When did things start to shift?
I brought my book to magazines and they thought it stood out because it was uncontrived. I would go to magazines every day in Paris and say, “I’m in the neighborhood, if you need anything.” And they would say, “Well, there’s this woman in her garden, we need a little photograph for the front of the book.” I would go do that. And then I assisted Arthur, like four or five times. I was more like his driver, but I got to go on shoots. I got to see how it worked, and I got to hang out with him while he edited. It was helpful. Then I just was always available in Paris. Someone canceled some big job for Marie Claire and I ended up getting 10 pages, and then suddenly all the people I had been knocking on their doors for two years were like, “Why isn’t she working for us?”
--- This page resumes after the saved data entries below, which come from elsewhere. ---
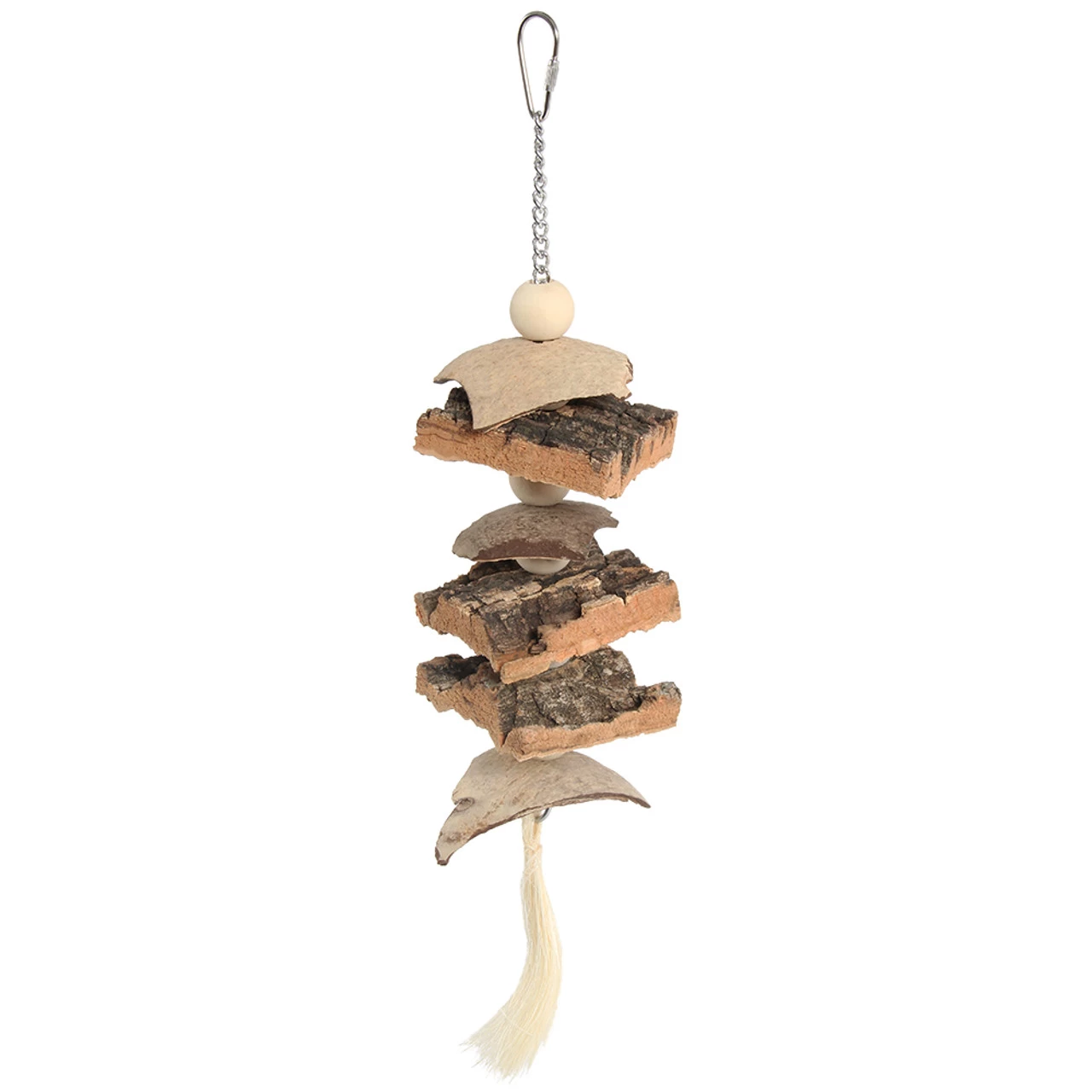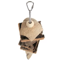 All fastened to a metal chain for added durability, your feathered friend can spend their time chewing on the tuff coconut shell, wood beads and stripping the cork bark slices.
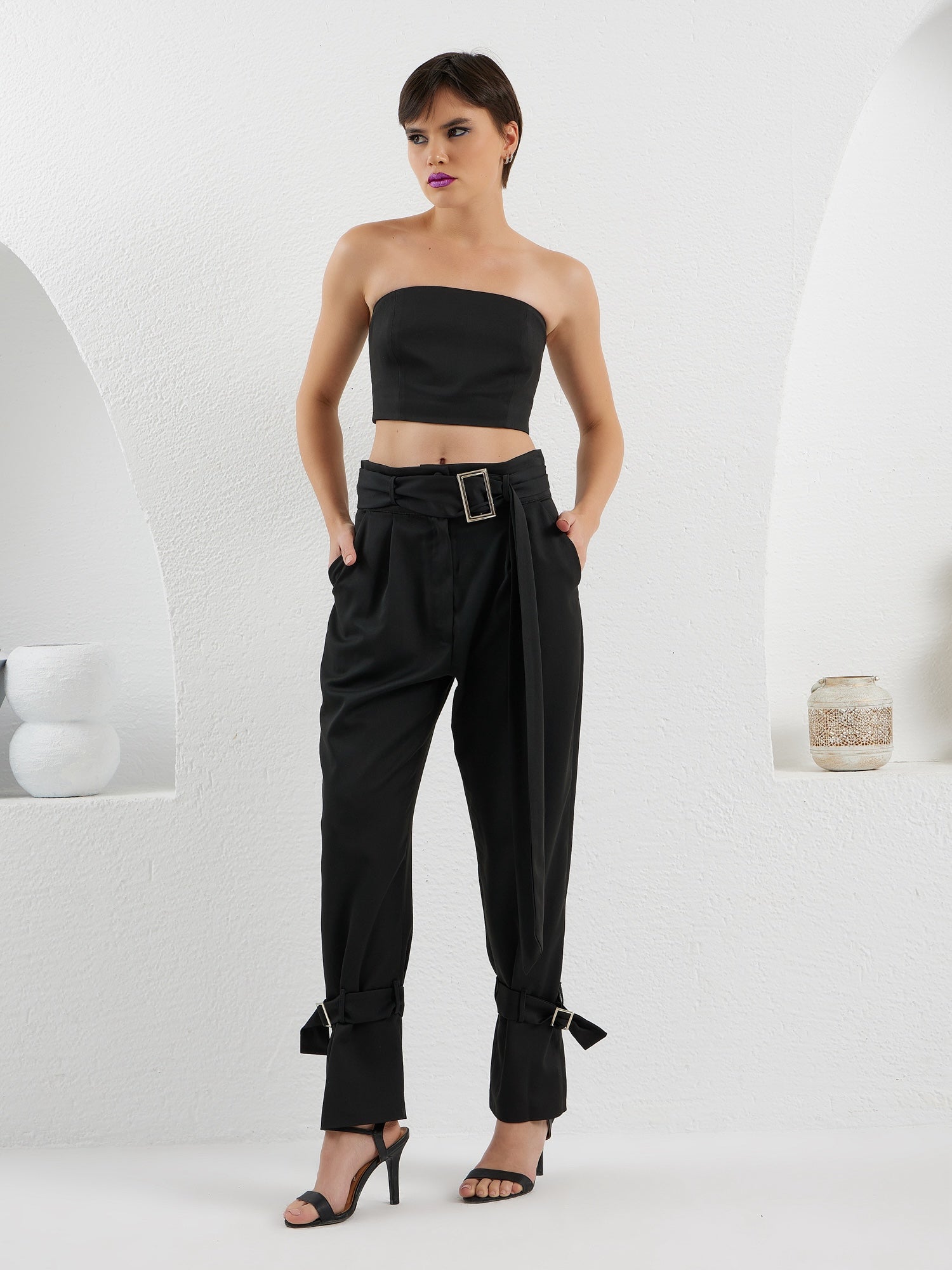 A chic and daring Corset crop top crafted in a tube-style silhouette, exuding elegance and boldness. Easily match with any other ensemble or as a standalone top.
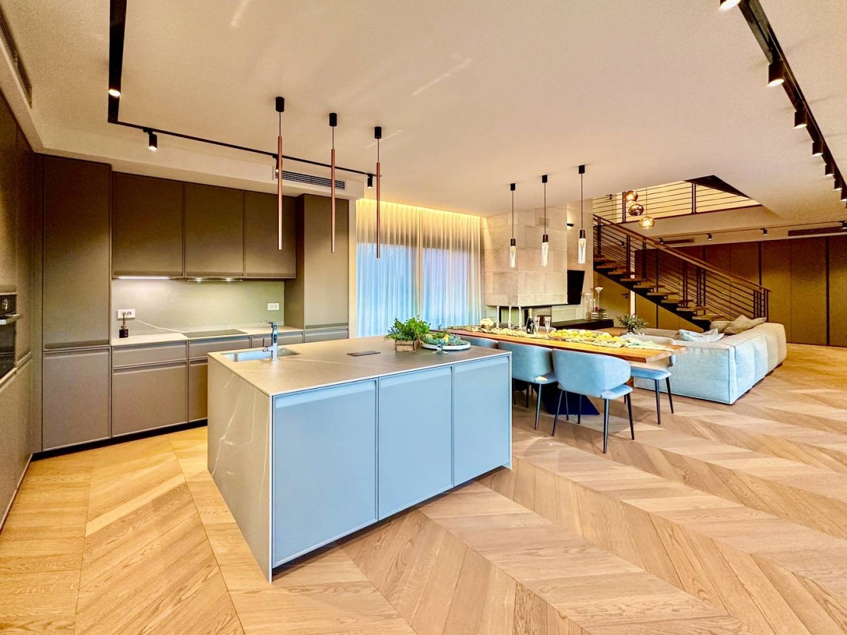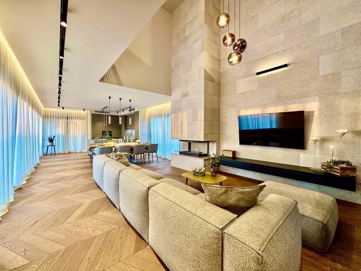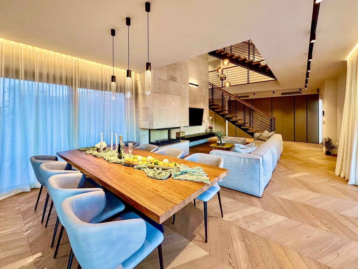 Notranjost vile izžareva prefinjenost in udobje – popolnoma je opremljena z oblikovalskim pohištvom priznanih italijanskih blagovnih znamk, skrbno izbranih za dosego harmonije estetike in funkcionalnosti.

What have been some of the highlights for you of your incredible career so far?
Working for Arthur was a turning point. When I started working with Brana Wolf, who was an editor at Italian Vogue, that entrance into that world was incredible. Obviously shooting Beyoncé was huge. But before that, there were so many incredible trips; it’s just a fun time. I keep asking Brana and my friends, “Was it better then, or are the same things happening now and we just don’t know it?” It just felt very free and creative, especially being in Paris. That was a great place to start.

A book of your images, Pamela Hanson, The ’90s, is just out.
Over the years, people and assistants of mine have been saying, “You should do a book.” They would say, “You were like the first one to do the girls in a bedroom at a hotel.” I don’t know if that’s true or not, but I know what they meant. It was a kind of intimacy, and it was a woman and not a man. Finally, one of my studio managers said I was spending all this money on storage. I started cleaning out my archives. Do I need this lingerie shoot from some weird catalog? I started looking through everything and based it on pictures I loved. I thought, “Wow, some of these pictures are great.” Sometimes when you look back at things, it’s different. That’s how it kind of came together. Part of me was like, “Who’s going to care? Nobody’s going to care about this.” Then I thought, “Maybe someone will care.” I have some friends who are young photographers. I asked what they thought. They were like, “Oh, my God, yes.”

You have an exhibition of your work in New York this month!
It’s going to be at Staley-Wise, which is the gallery that has a lot of fashion images, and it opens on September 18th. It’s images around the book, and I’m looking forward to it. I’ve never had a show of my own, so I’m excited. Everything just kind of fell together. What everybody says is, which I think is interesting, that it’s not really fashion.

Why do you think there is such affection for the 1990s in fashion?
I don’t know. I’ve been thinking about that a lot. That was the era that I was in. My career was taking off at the beginning. I think Vogue is doing a ’90s book. It feels like it’s a perfect storm; it was pre-iPhones. It was pre-digital cameras. Everything in there is film. There’s, like, two images from one model who requested retouching, 
but nothing’s retouched. And maybe that was the last time that actually happened.

What’s your take on retouching?
I’ve struggled with it, when it first started. I look at images as I was doing then. I was like…I hate retouching. Unfortunately, I think our eyes are now trained to it. I was looking at some old issues of Vogue and I loved Helmut Newton pictures and I knew him, and he was amazing and incredible and it was like a beauty shot, and the girl’s eyes were bloodshot. Honestly, I struggle with it.

What’s it like for you to have the spotlight on you right now?
Really hard.

Why?
I’m used to being on the other side. When my mother died, I started recording things. I guess somewhere it’s always like a buffer; I prefer to be an observer of life, and I love, obviously, to participate in it, but it’s been…we’ll see how it goes. I want to enjoy it!

How do you want to be remembered?
I want to be remembered as being an empathetic, kind person who took some good pictures.